The primary-season excitement surrounding Obama's spectacular rise and historic candidacy facilitated a host of logistical advantages that helped him in the general: an adept fundraising operation, a campaign structure in 50 states, and, most critically, and enthusiastic grassroots base of supporters, surrogates and volunteers. It shocking that a first-term U.S. senator could raise $129 million before the first vote was cast in the Democratic presidential primary, but that's exactly what Obama did in 2007. He raked in $36 million more in the month after he (temporarily) won the Iowa caucuses, about half through small-dollar donations.

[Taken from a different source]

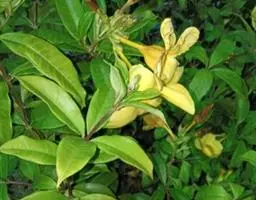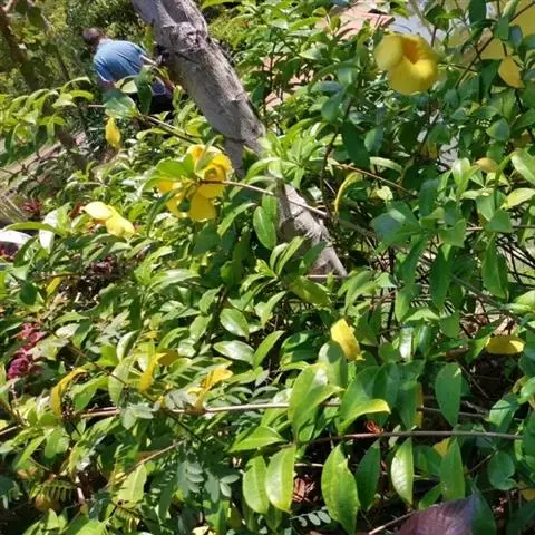 大花软枝黄蝉(Allemanda cathartica Linn. var. hendersonii)是软枝黄蝉的一个变种,夹竹桃科黄蝉属植物。藤状灌木,长达4米,枝条软弯垂,具白色乳汁。叶纸质,椭圆形、卵圆形或倒卵形,花序着花4-5朵,花冠比原变种大形,橙黄色,花冠喉部具5个发亮的斑点,花期春夏两季为盛,有时秋季亦能开花,果期冬季至翌年春季。大花软枝黄蝉原产于南美洲的乌拉圭,现广植于热带和亚热带地区。大花软枝黄蝉喜高温多湿、阳光充足的气候条件,喜肥沃、排水良好的酸性土壤。大花软枝黄蝉的花橙黄色,大而美丽,供观赏用。

Small-dollar donors had a few bucks, but just as importantly, they had time. Leveraging the enthusiasm of those who invested as little as $5, Team Obama asked them to lend a hand, a strategy that established a robust ground game in nearly every primary state -- and a network that stayed alive through the general election. Obama for America had five offices in Dayton, Ohio, in October 2008; most its workers has been with the campaign since February or March. (Full disclosure: I was there, as a volunteer knocking on doors for Obama). John McCain, who had sewn up the nomination before his Ohio primary, had only one office.

Romney's operation is comparably pathetic. He obviously has more than enough money to win the GOP primary, but most of it comes from large donors. His campaign raised just $56.4 million in 2011, a paltry 9 percent in small-dollar donations. (If you include his super PAC, the total raised in service of his candidacy heads north to $89 million.)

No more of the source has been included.